Tuesday, April 15, 2025

Wasserstein convergence rates for stochastic particle approximation of Boltzmann models

 G. Borghi, L. Pareschi (preprint arXiv: 2504.10091). 

We establish quantitative convergence rates for stochastic particle approximation based on Nanbu-type Monte Carlo schemes applied to a broad class of collisional kinetic models. Using coupling techniques and stability estimates in the Wasserstein-1 (Kantorovich-Rubinstein) metric, we derive sharp error bounds that reflect the nonlinear interaction structure of the models. Our framework includes classical Nanbu Monte Carlo method and more recent developments as Time Relaxed Monte Carlo methods. The results bridge the gap between probabilistic particle approximations and deterministic numerical error analysis, and provide a unified perspective for the convergence theory of Monte Carlo methods for Boltzmann-type equations. As a by-product, we also obtain existence and uniqueness of solutions to a large class of Boltzmann-type equations.

Friday, February 28, 2025

A data augmentation strategy for deep neural networks with application to epidemic modelling

M. Awais, A.S. Ali, G. Dimarco, F. Ferrarese, L. Pareschi (preprint arXiv:2502.21033)

In this work, we integrate the predictive capabilities of compartmental disease dynamics models with machine learning ability to analyze complex, high-dimensional data and uncover patterns that conventional models may overlook. Specifically, we present a proof of concept demonstrating the application of data-driven methods and deep neural networks to a recently introduced SIR-type model with social features, including a saturated incidence rate, to improve epidemic prediction and forecasting. Our results show that a robust data augmentation strategy trough suitable data-driven models can improve the reliability of Feed-Forward Neural Networks (FNNs) and Nonlinear Autoregressive Networks (NARs), making them viable alternatives to Physics-Informed Neural Networks (PINNs).

Monday, January 27, 2025

Multi-fidelity and multi-level Monte Carlo methods for kinetic models of traffic flow

Elisa Iacomini, Lorenzo Pareschi (preprint arXiv:2501.15967)

In traffic flow modeling, incorporating uncertainty is crucial for accurately capturing the complexities of real-world scenarios. In this work we focus on kinetic models of traffic flow, where a key step is to design effective numerical tools for analyzing uncertainties in vehicles interactions. To this end we discuss space-homogeneous Boltzmann-type equations, employing a non intrusive Monte Carlo approach both on the physical space, to solve the kinetic equation, and on the stochastic space, to investigate the uncertainty. To address the high dimensional challenges posed by this coupling, control variate approaches such as multi-fidelity and multi-level Monte Carlo methods are particularly effective.

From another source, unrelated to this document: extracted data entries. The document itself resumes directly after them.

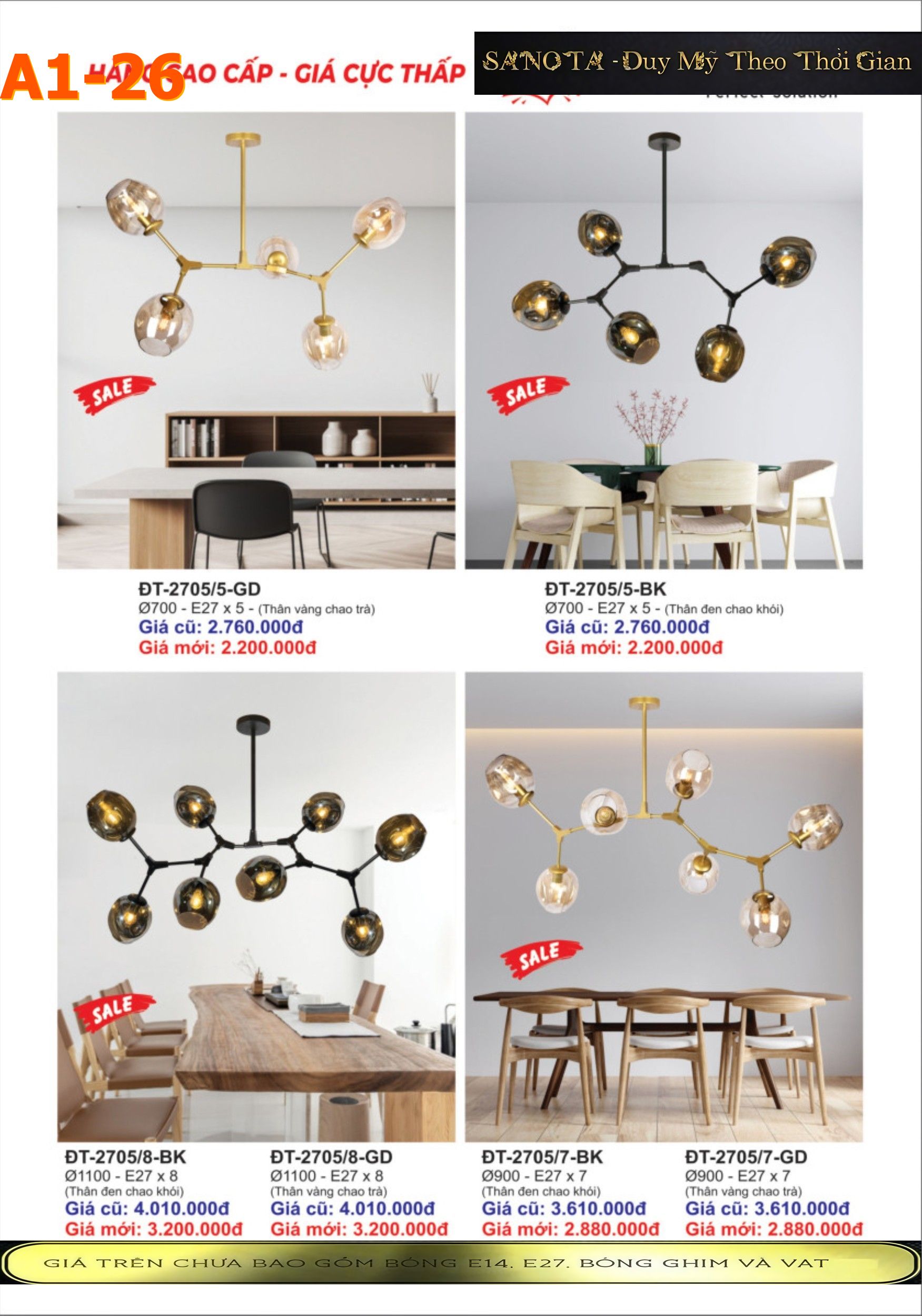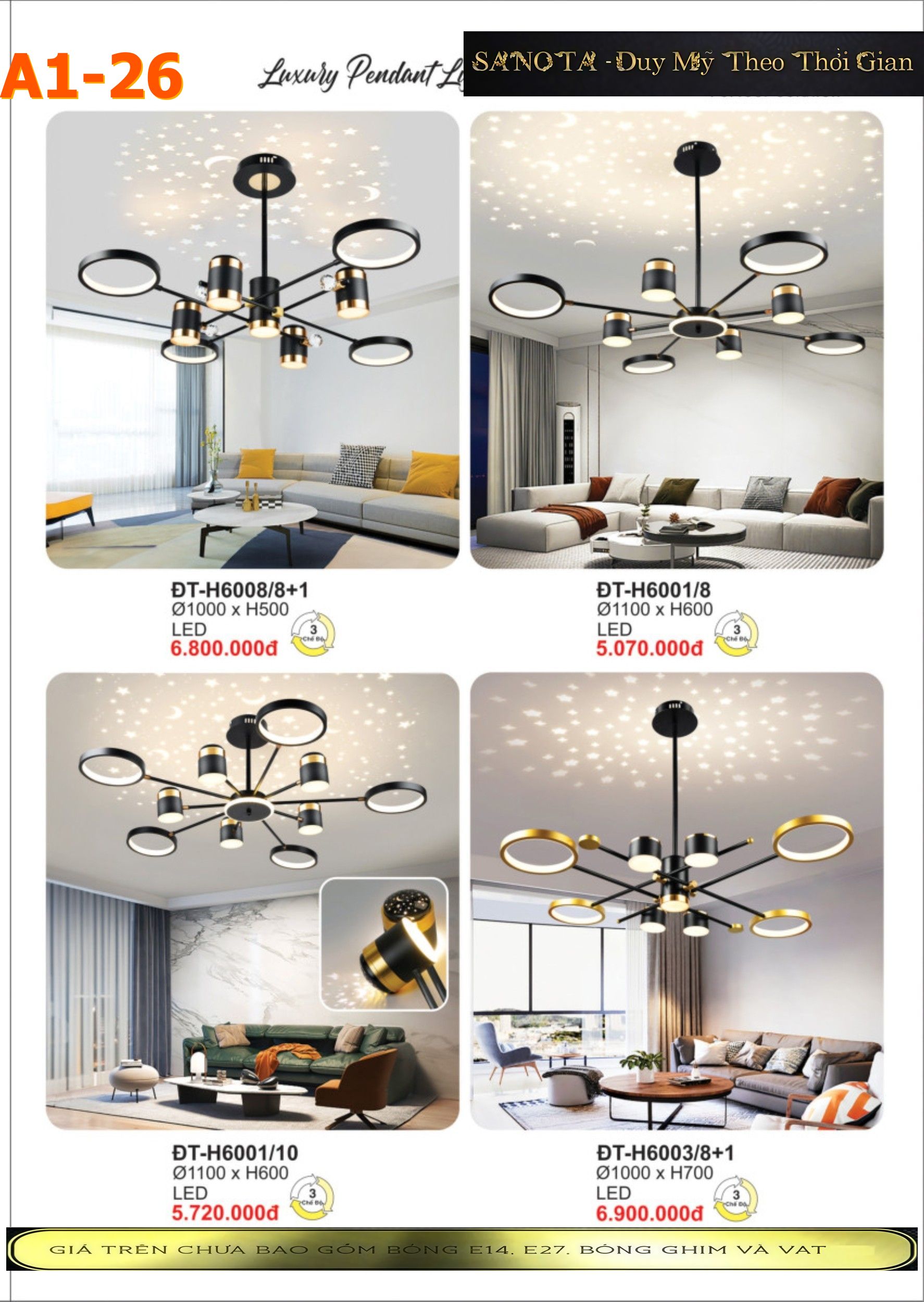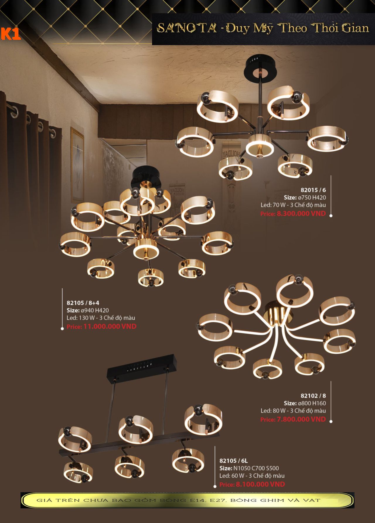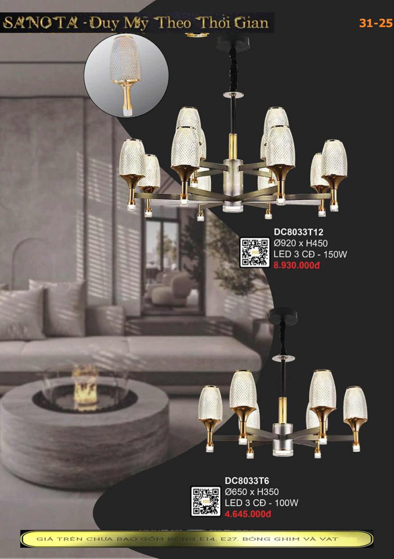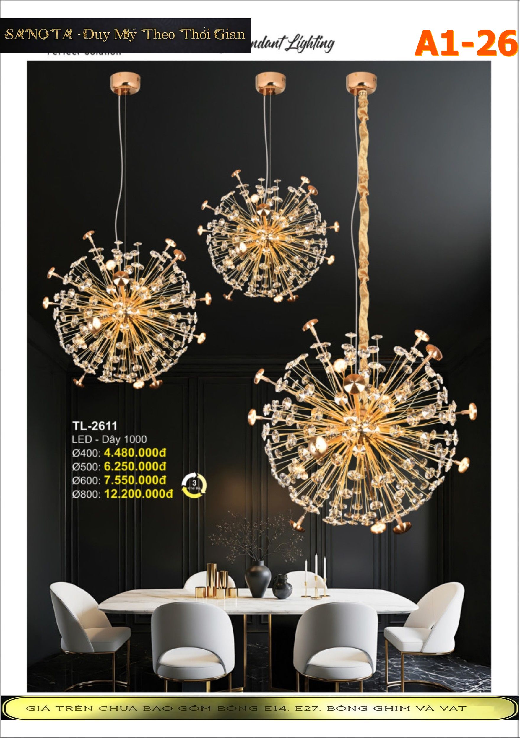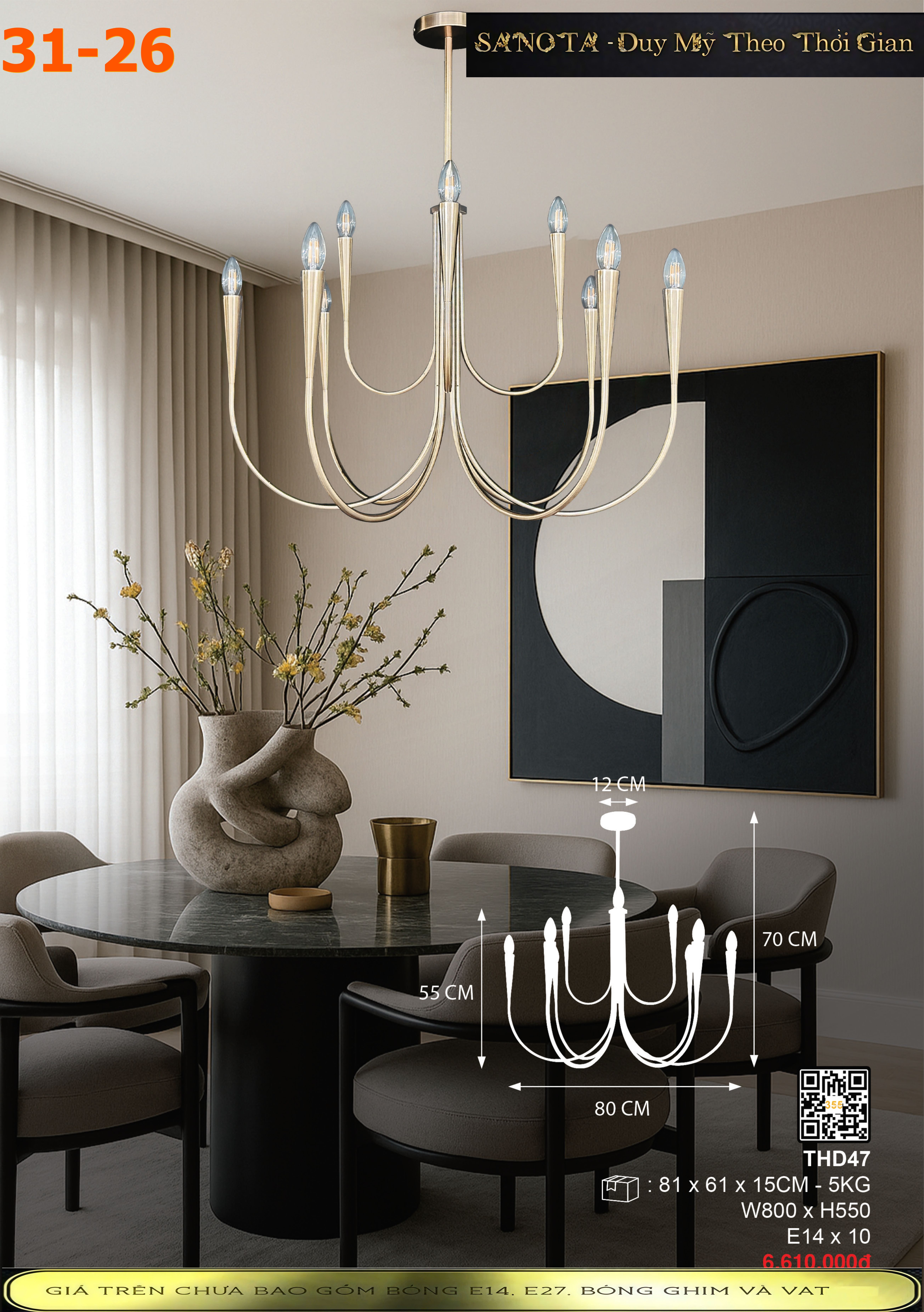 Đèn chùm hiện đại là loại đèn trang trí cao cấp với thiết kế sáng tạo và tinh tế, mang đến vẻ đẹp sang trọng và phong cách cho không gian nội thất. Khác với đèn chùm cổ điển có thiết kế cầu kỳ, phức tạp, đèn chùm hiện đại tập trung vào các đường nét tối giản, hình khối độc đáo và sử dụng chất liệu mới mẻ để tạo nên một phong cách vừa thanh lịch vừa thời thượng.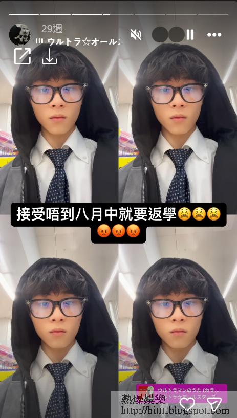 另外,年幼時眼細細的Ugo,長大後五官端正,某些角度跟剛出道時的姜濤似樣,氣質與眼神亦被網民拿來與ANSONBEAN相比,翻看他的IG,Ugo以韓文發帖,打扮亦偏韓風,令外界猜測他或在當地留學。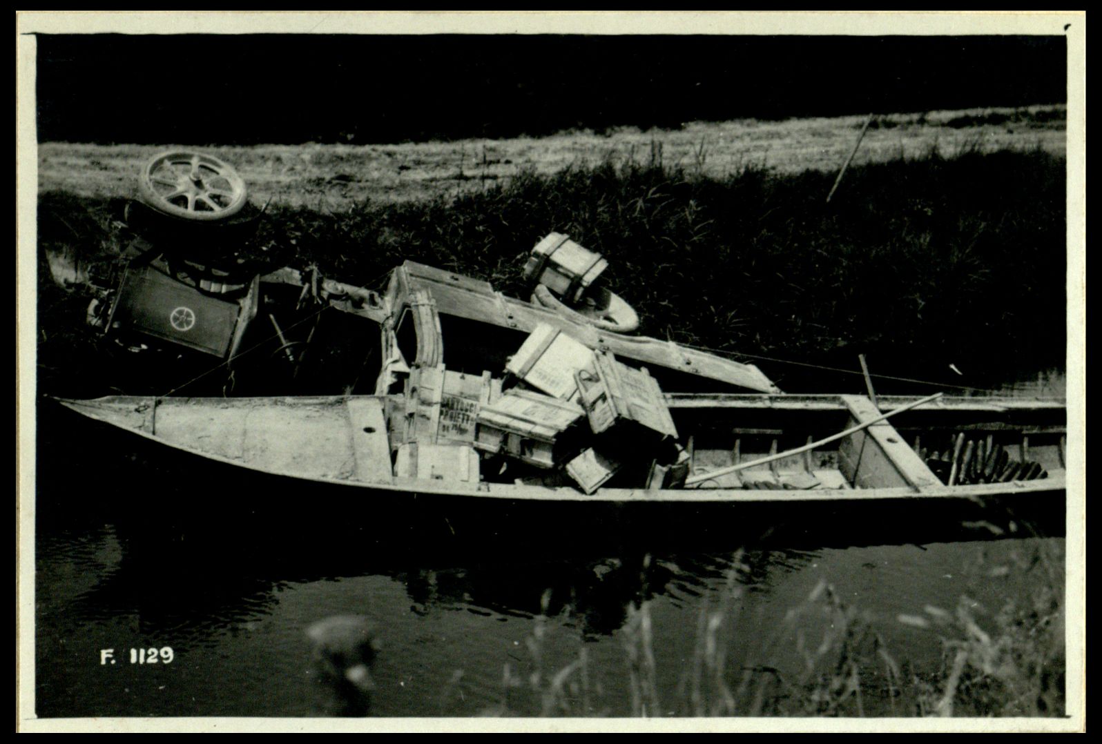 Presso Capo Sile, incidente d'auto. Un camion carico di munizioni rovesciatosi nel canale |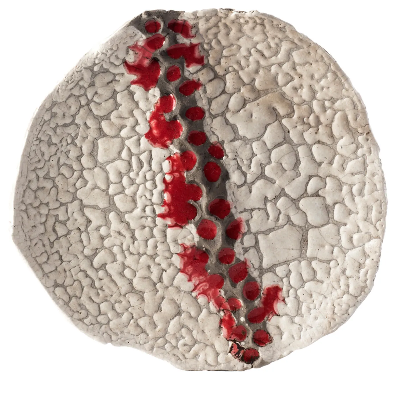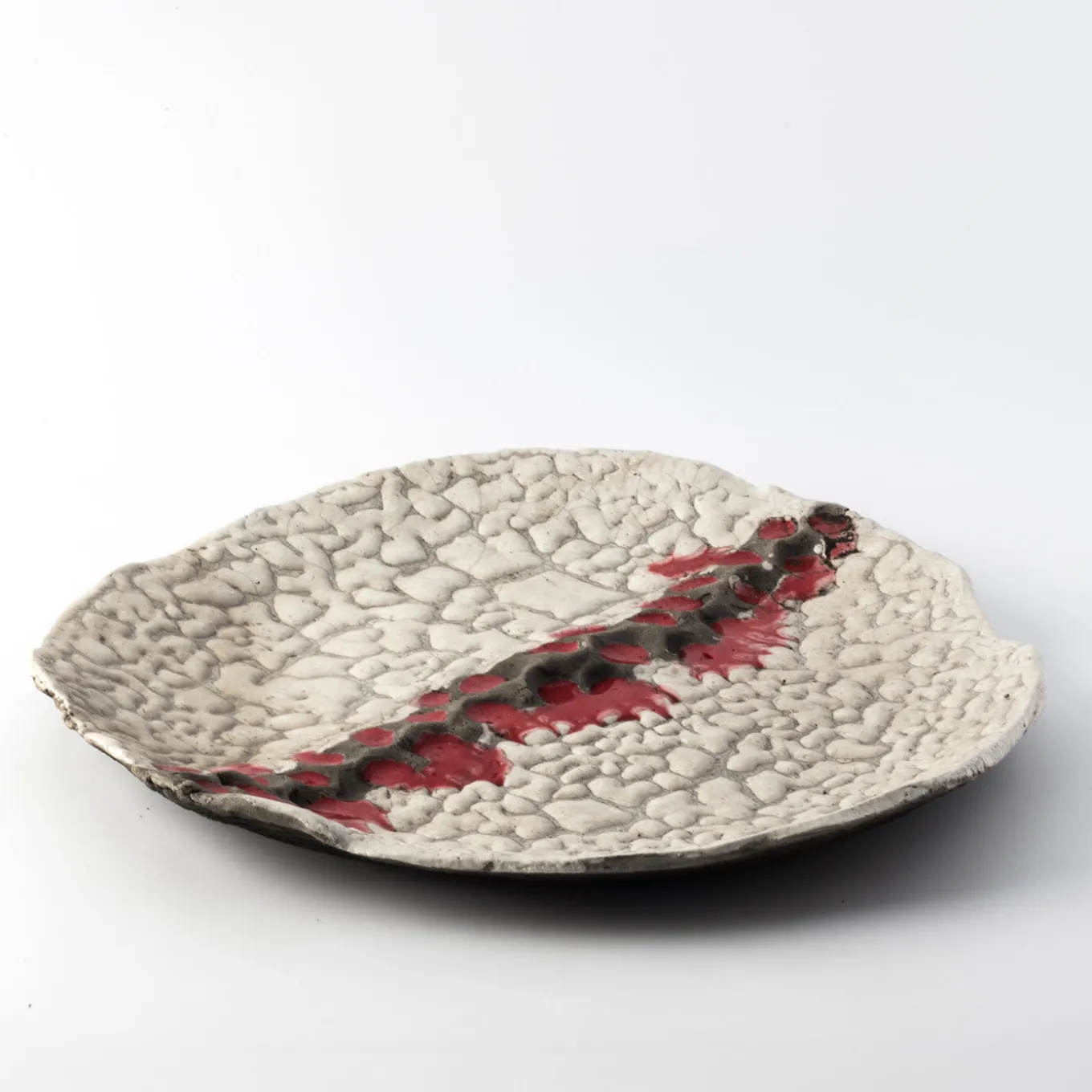 This exclusive decorative plate by Nino Basso will make a statement in a contemporary interior, either as a table centerpiece or a wall sculpture. Handcrafted of ceramic using the Raku technique, irregular streaks of red and black enamel stretch across the textured white-gray surface of this one-off plate suggestive of the moon surface. A wonderful gift for a collector or contemporary art enthusiast, this plate comes in a special packaging with a care instruction leaflet.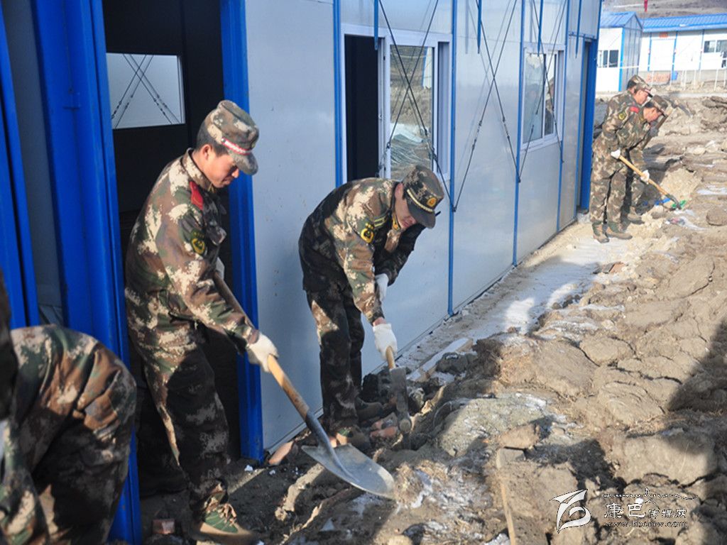 堅守在康定“11.22”地震重災(zāi)區(qū)塔公鎮(zhèn)的武警四川總隊二支隊抗震救災(zāi)官兵,克服高寒缺氧,全力投入板房學(xué)校搭建,官兵們在艱苦的環(huán)境中度過了2015年的第一天。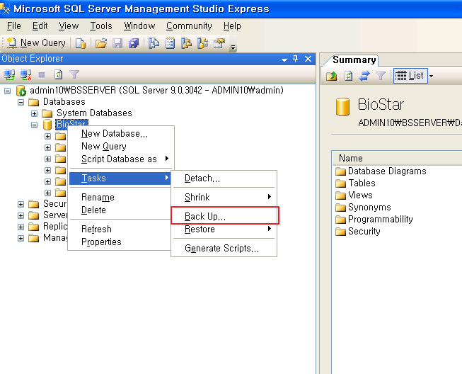 데이타베이스 에서 바이오스타를 우클릭 하여 백업 눌러주시고

Thursday, October 17, 2024

Implicit-Explicit Methods for Evolutionary Partial Differential Equations

Sebastiano Boscarino, Lorenzo Pareschi, and Giovanni Russo, SIAM Mathematical Modelling and Computations Series, 2024 

Publishing December 2024

Implicit-explicit (IMEX) time discretization methods have proven to be highly effective for the numerical solution of a wide class of evolutionary partial differential equations (PDEs) across various contexts. These methods have become mainstream for solving evolutionary PDEs, particularly in the fields of hyperbolic and kinetic equations. The first book on the subject, Implicit-Explicit Methods for Evolutionary Partial Differential Equations provides an in-depth yet accessible approach. The authors summarize and illustrate the construction, analysis, and application of IMEX methods using examples, test cases, and implementation details; guide readers through the various methods and teach them how to select and use the one most appropriate for their needs; and demonstrate how to identify stiff terms and effectively implement high-order methods in time for a variety of systems of PDEs. Readers interested in learning modern techniques for the effective numerical solution of evolutionary PDEs with multiple time scales will find in this book a unified, compact, and accessible treatment.

Tuesday, October 15, 2024

Kinetic models for optimization: a unified mathematical framework for metaheuristics

 Giacomo Borghi, Michael Herty, Lorenzo Pareschi (preprint arXiv:2410.10369)

Metaheuristic algorithms, widely used for solving complex non-convex and non-differentiable optimization problems, often lack a solid mathematical foundation. In this review, we explore how concepts and methods from kinetic theory can offer a potential unifying framework for a variety of metaheuristic optimization methods. By applying principles from collisional and non-collisional kinetic theory, we outline how particle-based algorithms like Simulated Annealing, Genetic Algorithms, Particle Swarm Optimization, and Ensemble Kalman Filter may be described through a common statistical perspective. This approach not only provides a path to deeper theoretical insights and connects different methods under suitable asymptotic scalings, but also enables the derivation of novel algorithms using alternative numerical solvers. While not exhaustive, our review highlights how kinetic models can enhance the mathematical understanding of existing optimization algorithms and inspire new computational strategies.